═════ INPUT FOR THIS TASK ═════
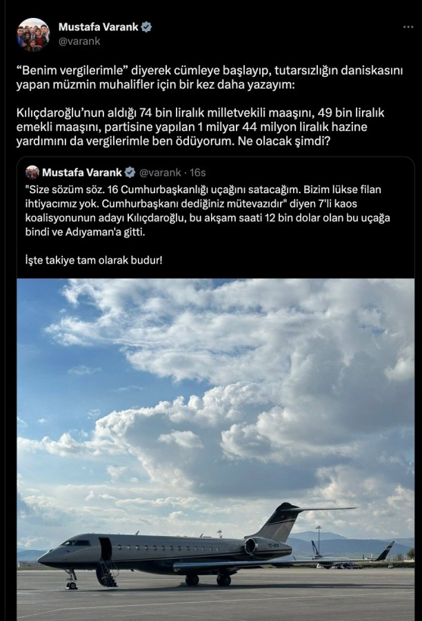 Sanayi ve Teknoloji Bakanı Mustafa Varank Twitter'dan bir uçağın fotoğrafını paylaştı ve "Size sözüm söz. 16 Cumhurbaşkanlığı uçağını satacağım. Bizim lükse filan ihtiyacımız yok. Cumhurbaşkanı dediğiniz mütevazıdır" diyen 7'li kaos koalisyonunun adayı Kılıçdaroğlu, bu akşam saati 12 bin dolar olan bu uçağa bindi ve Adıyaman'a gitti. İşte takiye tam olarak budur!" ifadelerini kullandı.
═════
═════ INPUT FOR THIS TASK ═════
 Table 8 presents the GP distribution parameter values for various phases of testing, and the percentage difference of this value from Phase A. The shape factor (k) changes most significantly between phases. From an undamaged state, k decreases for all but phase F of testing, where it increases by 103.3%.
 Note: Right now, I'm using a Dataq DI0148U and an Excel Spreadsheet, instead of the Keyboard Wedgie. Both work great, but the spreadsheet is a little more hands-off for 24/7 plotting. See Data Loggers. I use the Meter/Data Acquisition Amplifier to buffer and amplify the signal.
═════
THE PROBLEM: Take the stretch of lines above from the one containing "Table 8 presents" through the one containing "Note: Right now, I'm" and repeat it exactly, adding no other line.

ANSWER SPACE:
 Table 8 presents the GP distribution parameter values for various phases of testing, and the percentage difference of this value from Phase A. The shape factor (k) changes most significantly between phases. From an undamaged state, k decreases for all but phase F of testing, where it increases by 103.3%.
 Note: Right now, I'm using a Dataq DI0148U and an Excel Spreadsheet, instead of the Keyboard Wedgie. Both work great, but the spreadsheet is a little more hands-off for 24/7 plotting. See Data Loggers. I use the Meter/Data Acquisition Amplifier to buffer and amplify the signal.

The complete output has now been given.